#### WORK INSTRUCTION
What's needed is an exact copy of the lines from the one that contains "कि 3AX = 2AC." to the end of the data below, leaving the pictures out.

#### RECORDED DATA
____

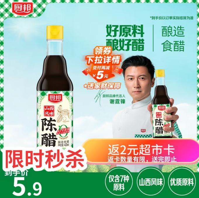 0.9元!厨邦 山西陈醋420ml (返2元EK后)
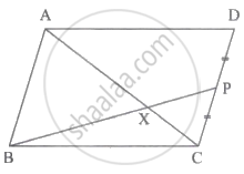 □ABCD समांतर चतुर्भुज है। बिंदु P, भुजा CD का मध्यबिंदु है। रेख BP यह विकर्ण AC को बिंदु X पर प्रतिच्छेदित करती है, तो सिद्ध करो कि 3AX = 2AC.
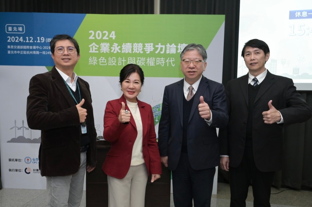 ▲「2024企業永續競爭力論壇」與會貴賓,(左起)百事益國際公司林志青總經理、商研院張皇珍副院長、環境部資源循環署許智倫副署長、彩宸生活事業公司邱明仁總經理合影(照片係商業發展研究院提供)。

____

#### RESPONSE TO THIS EXERCISE
 □ABCD समांतर चतुर्भुज है। बिंदु P, भुजा CD का मध्यबिंदु है। रेख BP यह विकर्ण AC को बिंदु X पर प्रतिच्छेदित करती है, तो सिद्ध करो कि 3AX = 2AC.
 ▲「2024企業永續競爭力論壇」與會貴賓,(左起)百事益國際公司林志青總經理、商研院張皇珍副院長、環境部資源循環署許智倫副署長、彩宸生活事業公司邱明仁總經理合影(照片係商業發展研究院提供)。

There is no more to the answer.